> _Records for the exercise_
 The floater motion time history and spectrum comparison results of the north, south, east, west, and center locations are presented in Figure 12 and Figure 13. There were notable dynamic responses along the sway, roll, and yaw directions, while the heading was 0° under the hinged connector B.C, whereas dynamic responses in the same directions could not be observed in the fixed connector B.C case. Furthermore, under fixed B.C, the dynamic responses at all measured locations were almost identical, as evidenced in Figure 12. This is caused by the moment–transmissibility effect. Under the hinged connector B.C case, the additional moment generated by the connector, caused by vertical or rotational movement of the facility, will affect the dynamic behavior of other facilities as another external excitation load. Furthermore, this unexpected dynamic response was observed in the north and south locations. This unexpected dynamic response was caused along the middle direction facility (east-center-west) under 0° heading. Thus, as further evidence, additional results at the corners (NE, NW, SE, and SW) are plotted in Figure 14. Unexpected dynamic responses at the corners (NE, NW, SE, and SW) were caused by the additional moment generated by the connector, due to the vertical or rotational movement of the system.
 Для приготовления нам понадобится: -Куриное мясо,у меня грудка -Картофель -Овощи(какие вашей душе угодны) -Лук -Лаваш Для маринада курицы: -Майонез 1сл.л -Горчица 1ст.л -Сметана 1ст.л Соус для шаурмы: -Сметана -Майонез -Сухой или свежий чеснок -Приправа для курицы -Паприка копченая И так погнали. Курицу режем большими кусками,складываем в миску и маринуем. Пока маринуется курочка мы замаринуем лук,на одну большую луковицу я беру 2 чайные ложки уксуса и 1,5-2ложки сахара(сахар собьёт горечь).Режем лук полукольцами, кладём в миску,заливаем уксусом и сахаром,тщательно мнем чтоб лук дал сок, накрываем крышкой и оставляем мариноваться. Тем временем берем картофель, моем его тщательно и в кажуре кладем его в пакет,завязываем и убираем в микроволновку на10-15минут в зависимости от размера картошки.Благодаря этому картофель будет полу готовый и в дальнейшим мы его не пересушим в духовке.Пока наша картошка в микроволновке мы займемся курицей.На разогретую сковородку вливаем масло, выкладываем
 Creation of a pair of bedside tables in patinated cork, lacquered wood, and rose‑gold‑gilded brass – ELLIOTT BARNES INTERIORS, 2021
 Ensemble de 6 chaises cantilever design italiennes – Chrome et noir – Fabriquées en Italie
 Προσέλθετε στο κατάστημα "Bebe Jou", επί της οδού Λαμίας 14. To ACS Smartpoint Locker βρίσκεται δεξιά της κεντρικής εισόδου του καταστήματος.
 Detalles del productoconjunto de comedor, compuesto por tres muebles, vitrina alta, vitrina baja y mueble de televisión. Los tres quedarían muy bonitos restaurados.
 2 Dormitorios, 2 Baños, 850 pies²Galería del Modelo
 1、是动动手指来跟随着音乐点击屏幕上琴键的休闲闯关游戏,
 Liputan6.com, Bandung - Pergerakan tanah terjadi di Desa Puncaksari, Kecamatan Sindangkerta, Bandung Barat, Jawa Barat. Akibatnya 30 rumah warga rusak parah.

---

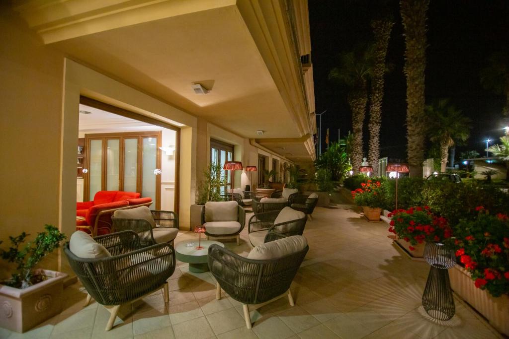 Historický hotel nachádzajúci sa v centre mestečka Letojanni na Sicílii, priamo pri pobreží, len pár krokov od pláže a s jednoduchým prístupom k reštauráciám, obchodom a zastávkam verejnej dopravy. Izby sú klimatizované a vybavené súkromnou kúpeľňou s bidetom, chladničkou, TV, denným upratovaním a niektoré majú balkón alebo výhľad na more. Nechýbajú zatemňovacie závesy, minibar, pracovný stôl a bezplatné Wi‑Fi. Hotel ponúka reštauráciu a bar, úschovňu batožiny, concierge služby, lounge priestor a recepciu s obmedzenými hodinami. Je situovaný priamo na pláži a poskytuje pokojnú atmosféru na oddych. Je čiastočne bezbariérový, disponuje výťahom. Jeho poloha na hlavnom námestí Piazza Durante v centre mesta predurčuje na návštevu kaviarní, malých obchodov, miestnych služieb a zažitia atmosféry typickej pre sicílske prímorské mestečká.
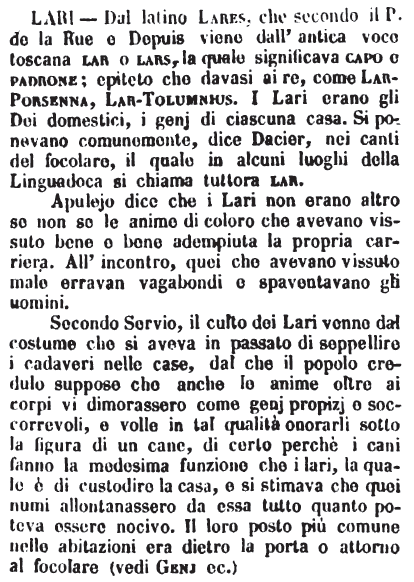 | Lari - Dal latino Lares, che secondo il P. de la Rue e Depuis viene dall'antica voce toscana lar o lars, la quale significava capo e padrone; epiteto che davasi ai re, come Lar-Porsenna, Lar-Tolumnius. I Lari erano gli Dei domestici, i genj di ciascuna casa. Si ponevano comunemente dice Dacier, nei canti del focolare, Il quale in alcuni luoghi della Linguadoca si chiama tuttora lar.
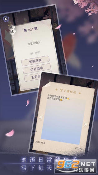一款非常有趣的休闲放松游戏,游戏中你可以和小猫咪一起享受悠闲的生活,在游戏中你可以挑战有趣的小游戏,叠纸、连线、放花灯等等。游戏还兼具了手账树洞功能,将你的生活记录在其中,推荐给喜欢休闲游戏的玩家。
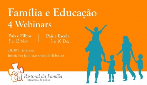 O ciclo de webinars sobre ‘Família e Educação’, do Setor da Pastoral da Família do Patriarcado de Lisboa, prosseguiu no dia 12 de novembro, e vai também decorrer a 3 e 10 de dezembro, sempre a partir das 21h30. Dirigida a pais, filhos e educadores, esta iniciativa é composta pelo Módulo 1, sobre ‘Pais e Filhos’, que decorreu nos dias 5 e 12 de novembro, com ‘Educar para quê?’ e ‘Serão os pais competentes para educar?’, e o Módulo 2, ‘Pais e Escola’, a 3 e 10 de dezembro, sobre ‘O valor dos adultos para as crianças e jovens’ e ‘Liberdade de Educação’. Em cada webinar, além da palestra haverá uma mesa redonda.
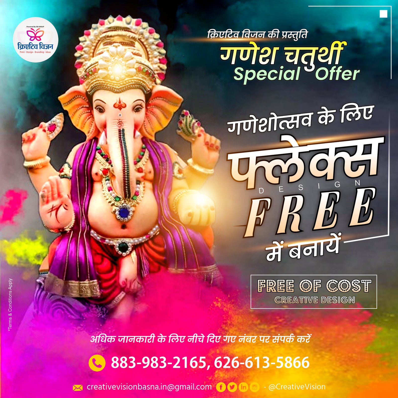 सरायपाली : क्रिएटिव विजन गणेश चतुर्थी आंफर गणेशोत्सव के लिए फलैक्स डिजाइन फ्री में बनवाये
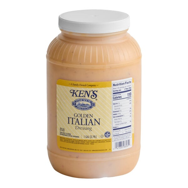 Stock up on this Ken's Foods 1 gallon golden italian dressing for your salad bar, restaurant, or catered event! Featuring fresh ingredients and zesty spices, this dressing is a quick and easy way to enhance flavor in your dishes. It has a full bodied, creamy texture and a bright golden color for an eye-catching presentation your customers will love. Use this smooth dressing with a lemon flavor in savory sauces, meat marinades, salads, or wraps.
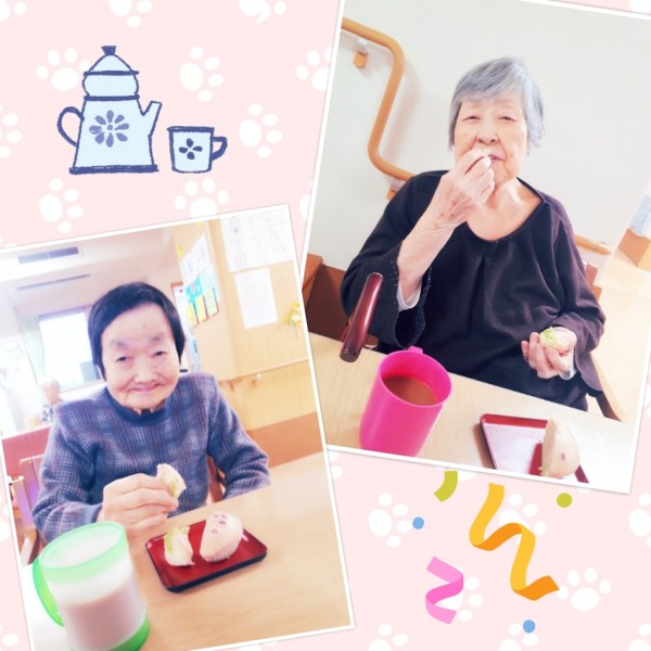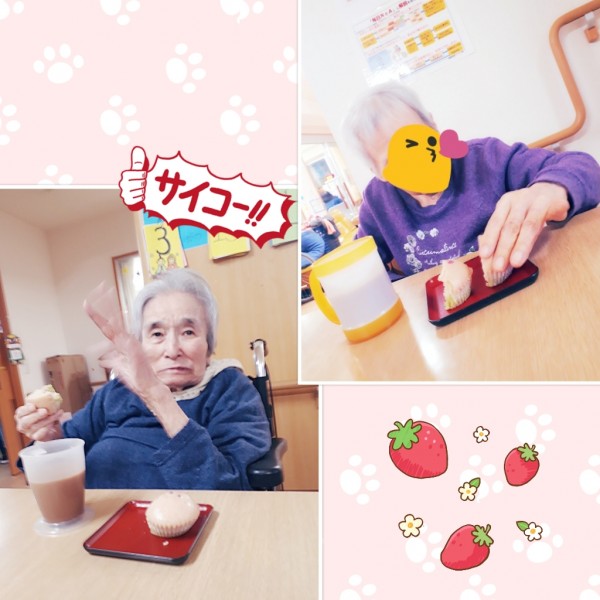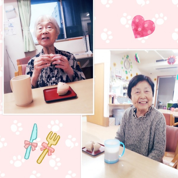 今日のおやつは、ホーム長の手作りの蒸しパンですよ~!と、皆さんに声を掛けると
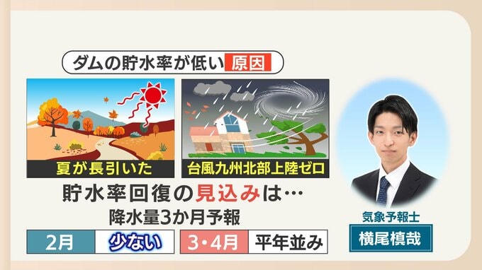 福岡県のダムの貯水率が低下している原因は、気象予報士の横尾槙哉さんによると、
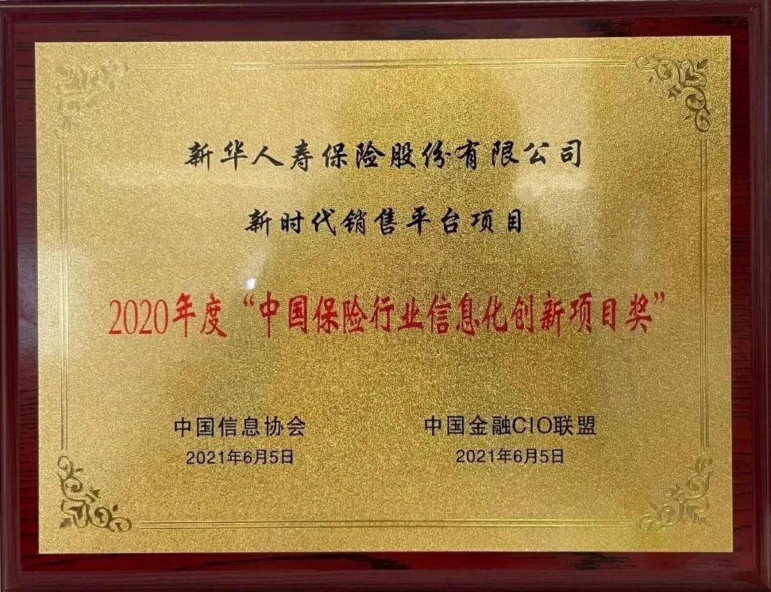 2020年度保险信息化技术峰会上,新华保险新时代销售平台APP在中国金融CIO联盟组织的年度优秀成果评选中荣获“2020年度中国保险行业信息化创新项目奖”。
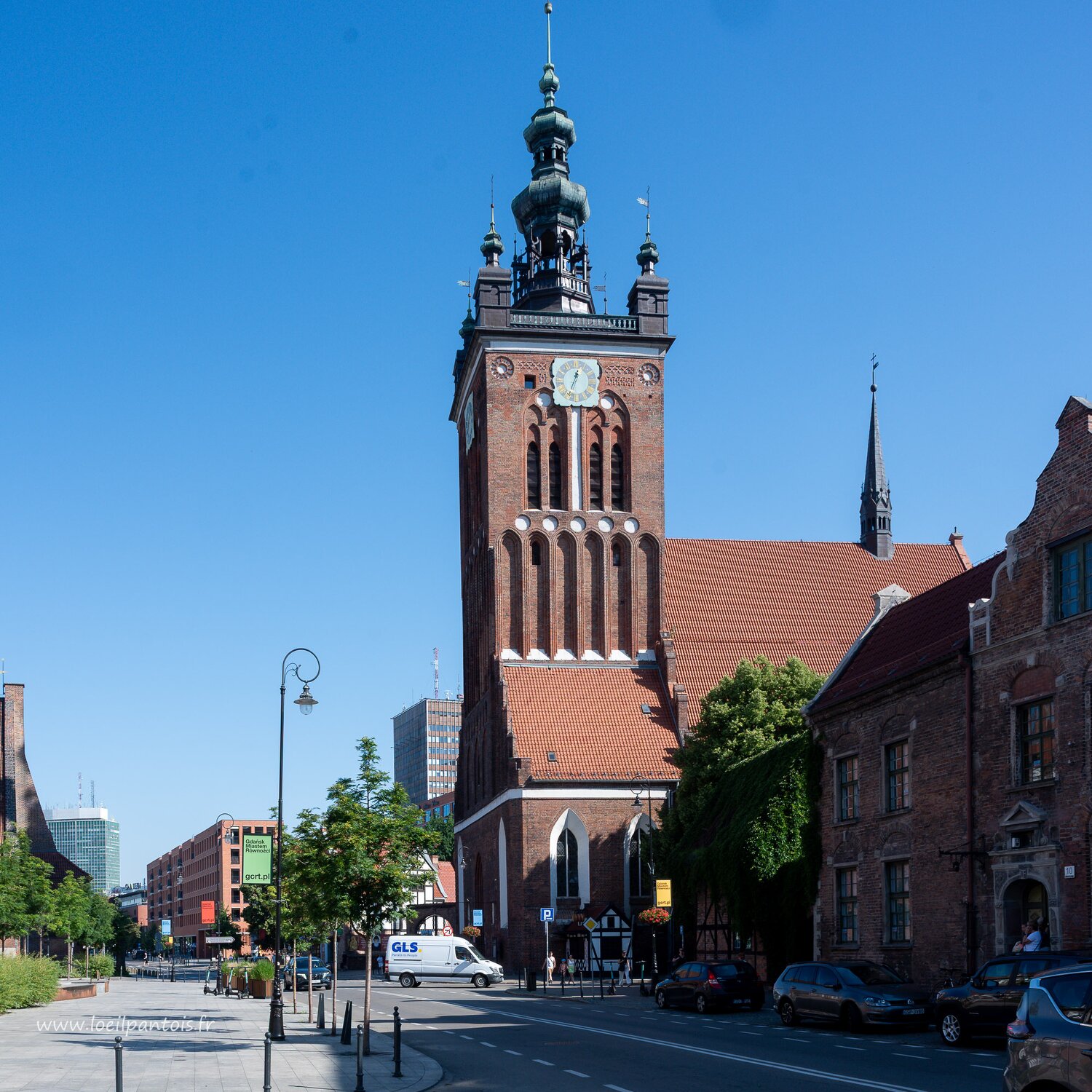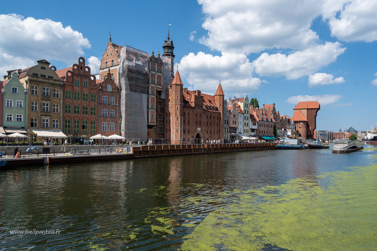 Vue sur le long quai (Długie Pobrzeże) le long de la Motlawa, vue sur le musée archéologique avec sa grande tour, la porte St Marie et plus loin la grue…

---

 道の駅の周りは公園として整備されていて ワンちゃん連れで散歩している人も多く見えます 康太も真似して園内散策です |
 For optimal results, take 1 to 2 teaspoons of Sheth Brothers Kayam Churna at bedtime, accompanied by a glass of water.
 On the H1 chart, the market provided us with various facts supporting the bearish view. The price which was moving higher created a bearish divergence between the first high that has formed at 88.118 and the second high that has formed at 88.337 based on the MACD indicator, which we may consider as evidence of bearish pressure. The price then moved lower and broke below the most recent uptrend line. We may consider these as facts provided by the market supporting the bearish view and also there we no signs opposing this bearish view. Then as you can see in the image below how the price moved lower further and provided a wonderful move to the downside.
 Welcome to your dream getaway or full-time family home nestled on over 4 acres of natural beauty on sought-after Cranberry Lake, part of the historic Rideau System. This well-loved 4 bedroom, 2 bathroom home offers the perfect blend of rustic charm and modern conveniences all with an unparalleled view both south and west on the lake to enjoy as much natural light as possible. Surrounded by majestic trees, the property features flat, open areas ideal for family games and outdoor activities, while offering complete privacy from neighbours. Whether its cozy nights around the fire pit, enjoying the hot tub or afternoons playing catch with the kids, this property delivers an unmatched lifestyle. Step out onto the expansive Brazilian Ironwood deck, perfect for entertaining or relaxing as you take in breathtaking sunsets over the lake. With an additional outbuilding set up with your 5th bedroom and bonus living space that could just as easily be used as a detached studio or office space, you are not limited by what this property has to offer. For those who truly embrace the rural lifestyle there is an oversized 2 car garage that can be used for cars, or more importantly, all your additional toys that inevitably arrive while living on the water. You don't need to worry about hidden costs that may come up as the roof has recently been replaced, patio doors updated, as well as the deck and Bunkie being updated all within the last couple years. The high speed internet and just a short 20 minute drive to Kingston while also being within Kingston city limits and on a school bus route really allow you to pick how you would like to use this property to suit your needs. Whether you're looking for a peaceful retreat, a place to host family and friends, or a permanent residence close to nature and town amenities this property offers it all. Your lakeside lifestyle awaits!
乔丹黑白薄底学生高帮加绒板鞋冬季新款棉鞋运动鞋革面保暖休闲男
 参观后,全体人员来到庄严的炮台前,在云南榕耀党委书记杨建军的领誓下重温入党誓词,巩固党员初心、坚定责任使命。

> _What is expected_
Print, from the entries above, the line with "乔丹黑白薄底学生高帮加绒板鞋冬季新款棉鞋运动鞋革面保暖休闲男", the line with "参观后,全体人员来到庄严的炮" and all lines between them, exactly and with nothing else.

> _Worked solution_
乔丹黑白薄底学生高帮加绒板鞋冬季新款棉鞋运动鞋革面保暖休闲男
 参观后,全体人员来到庄严的炮台前,在云南榕耀党委书记杨建军的领誓下重温入党誓词,巩固党员初心、坚定责任使命。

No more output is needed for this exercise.